GIORDANI l’ha realizzata con esiti sorprendenti anche catturando la voce di quelli che lui chiamava eterotopi; ambienti che sono anche ecosistemi fonetici come un ospedale psichiatrico abbandonato; al San Benedetto di Pesaro (illuminata gestione Cesare Lombroso nel 1872) ha musicato i passi di una danzatrice sui pavimenti impolverati.

Ha creato un progetto sonoro a partire da clangore che fa, aprendosi, la cupola di un Osservatorio Astronomico (il Lorenzo Valerio di Pesaro), o i fruscii dei fondi della Biblioteca Oliveriana mescolati ai suoni che dal cortile adiacente al Conservatorio, salgono lungo i suoi corridoi apparentemente silenziosi e vengono spazializzati: e il legame tra luogo e suono diviene parametro compositivo secondo la tecnica Ambisonica.

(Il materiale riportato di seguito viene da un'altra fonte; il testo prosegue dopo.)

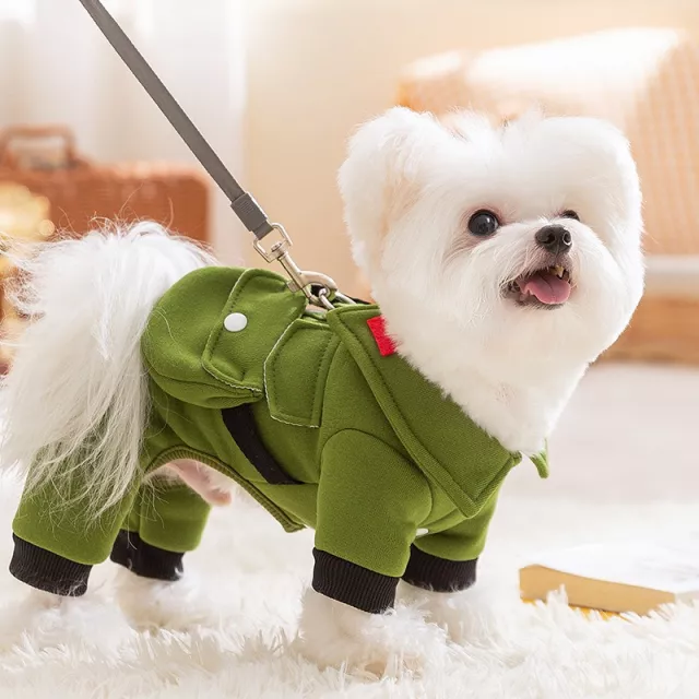 Dress your furry friend in this adorable military-inspired dog jumpsuit that combines warmth, comfort, and a fashionable edge. Designed with soft polyester fiber, this four-leg pullover hoodie is perfect for keeping your pet cozy during chilly autumn and winter walks. Its unique uniform-style look turns heads while giving your dog a snug, protective fit.

QUESTO particolare metodo viene applicato dentro un luogo di riproduzione denominato Space (Soundscape Projection Ambisonic Control Engine), risorsa tecnologica del Lems (Laboratorio Elettronico per la Musica Sperimentale) all’interno del Conservatorio Rossini di Pesaro: una punta di eccellenza nell’ambito del suono multicanale. Un sistema (unico in Italia), costituito da 21+1 altoparlanti posizionati perfettamente su una sfera intorno al pubblico, che permette di ricreare (o anche creare da zero) spazi dinamici acustici complessi di derivazione reale o virtuale, con elevato grado di realismo.

Stava scrivendo un libro, Giordani, dal titolo provvisorio Ombre Sonore dallo spazio profondo dove far confluire i materiali operativi e di ricerca (letterari, visuali e sonori) per la realizzazione di una video installazione sonora che avrebbe ripreso il lavoro storico dedicato al Welles radiofonico. L’eredità viene raccolta dal coautore Roberto Vecchiarelli – con la collaborazione Anthony Di Furia – che spiega: «La Guerra dei Mondi 2020 sposterà l’attenzione dallo spettatore televisivo – sopraffatto nei propri spazi privati dalle qualità illusorie e pervasive della televisione, insieme a quelle distruttive delle onde radio che si confondono con le notizie apocalittiche della storia recente – a quello riparato dai muri e impaurito dalle migrazioni di popoli provenienti da altri mondi. In entrambi i casi gli invasori si manifestano attraverso il suono che entra direttamente nelle case. L’ultima idea era quella di inserire la presenza di un’invasore invisibile come ‘il virus’».

ASCOLTO casalingo e digitale di presenze virali che ha anticipato il tempo che è arrivato portandosi via il talento visionario di chi lo ha immaginato e non sarà qui a raccontarcelo . Parafrasando Sylvia Plath, potremmo incontrarci in un’altra vita, più facilmente potremmo incontrarci ancora nell’aria.